La relecture habituelle de cette question rhétorique et de la thèse de Benjamin consiste aujourd'hui à demander quelle position une oeuvre adopte dans les rapports de production de NOTRE époque, c'est-à-dire à l'ère du marché global (et d'un marche de l'art global également), de la commercialisation de la production artistique, de la précarisation toujours croissante et toujours plus étendue du travail artistique et de ses conditions et rapports de production, etc.
Je ne suis pas convaincu de la productivité de cette interprétation. Car la thèse de Benjamin est formulée sous forme de question, à savoir: quelle est la position d'une oeuvre dans ses rapports de production? Ceci est à la vérité la réponse à cette autre question, posée en réalité ni par l'auteur d'une oeuvre d'art, ni par son critique, ni en fin de compte par Benjamin lui-même, mais par l'idéologie ou, dans d'autres termes, par la logique implacable de sa méthode, à savoir la dialectique matérialiste.
Comme 
                          on le sait, c'est la dialectique matérialiste qui, dans 
                          la réflexion sur l'art politiquement engagé – sur ce 
                          qu'on appelle la tendance d'une oeuvre d'art –, revendique 
                          qu'elle doit aborder la question des conditions sociales 
                          dans lesquelles les gens vivent et travaillent. Mais, 
                          pour une véritable critique matérialiste, les conditions 
                          sociales sont bien sûr toujours déterminée par les conditions 
                          de production.  
                          Ainsi, 
                          la dernière question posée par cette critique matérialiste 
                          et dialectique doit nécessairement être la suivante: 
                          quelle est la position de l'oeuvre vis-à-vis des rapports 
                          sociaux de production de son époque?

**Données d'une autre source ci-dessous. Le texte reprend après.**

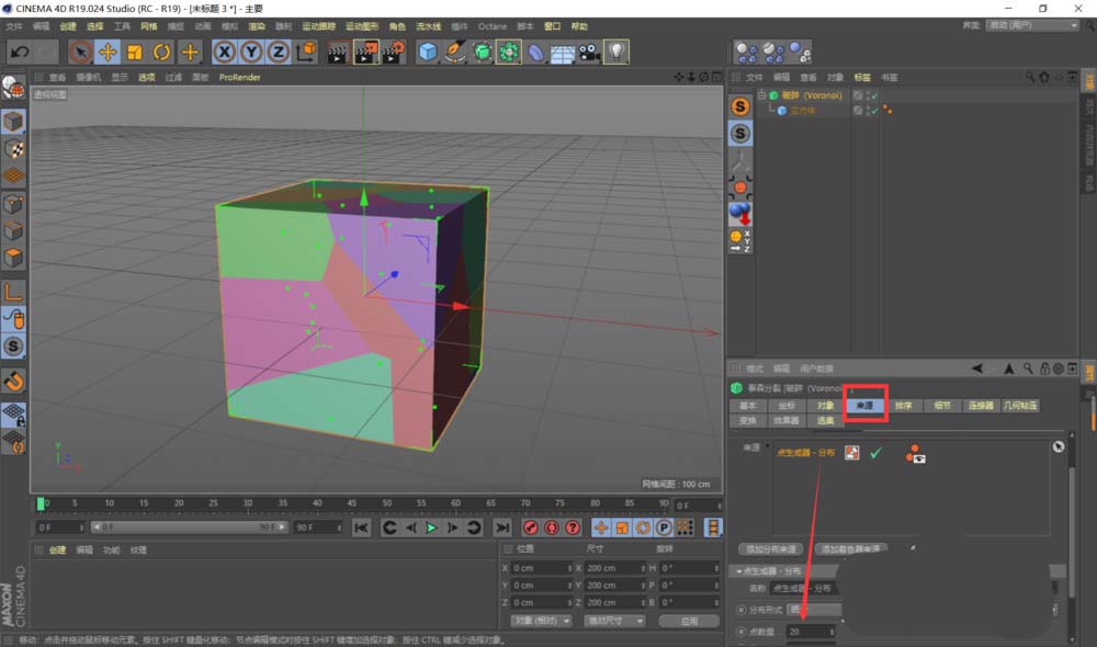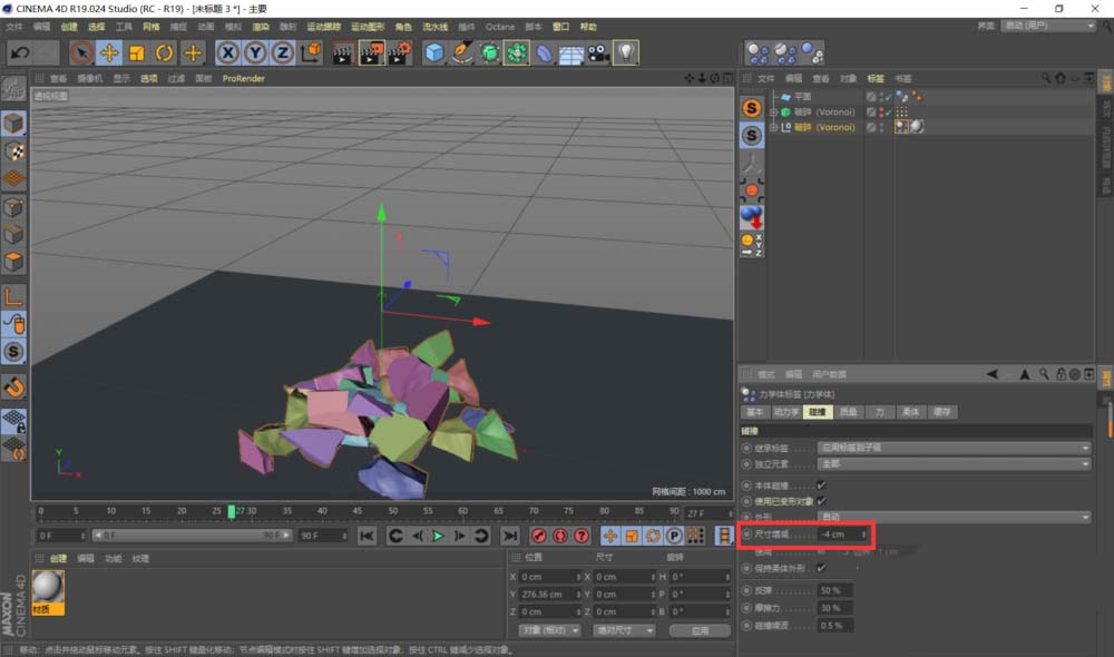 2、在来源中可以设置破碎的块数、缩放等参数;在细节中可以使物体破碎的更加自然。

C'était là, à l'origine, 
                          la question à laquelle le texte de Benjamin répond. 
                          
                          Pouvons-nous 
                          aujourd'hui répéter cette même question? Avons-nous 
                          aujourd'hui à notre disposition quelque chose de semblable 
                          à la méthode critique du matérialisme dialectique pour 
                          nos réflexions? La réponse est: (mal)heureusement non! 
                           
Pour cette raison, il ne suffit pas aujourd'hui de passer simplement du passé au présent et de poser la question de Benjamin concernant la position adoptée par l'oeuvre d'art dans les rapports de production de NOTRE époque.
Car cette question est devenue aujourd'hui en elle-même une réponse sans question à proprement parler. C'est la question générale des conditions matérielles de la production artistique qui a perdu toute sa signification dans les conditions idéologiques existantes.
Ce que nous devrions nous demander à la place, c'est s'il y a encore d'autres questions auxquelles la thèse de Benjamin sur l'importance de la position de l'oeuvre d'art au sein de ses rapports de production pourrait servir de réponse. Une relecture n'est jamais une simple mise à jour. Il n'y a pour cette raison pas de nouvelles réponses aux vieilles questions de Benjamin. Ce dont nous avons besoin, à la place, ce sont de nouvelles questions suscitées par sa vieille réponse.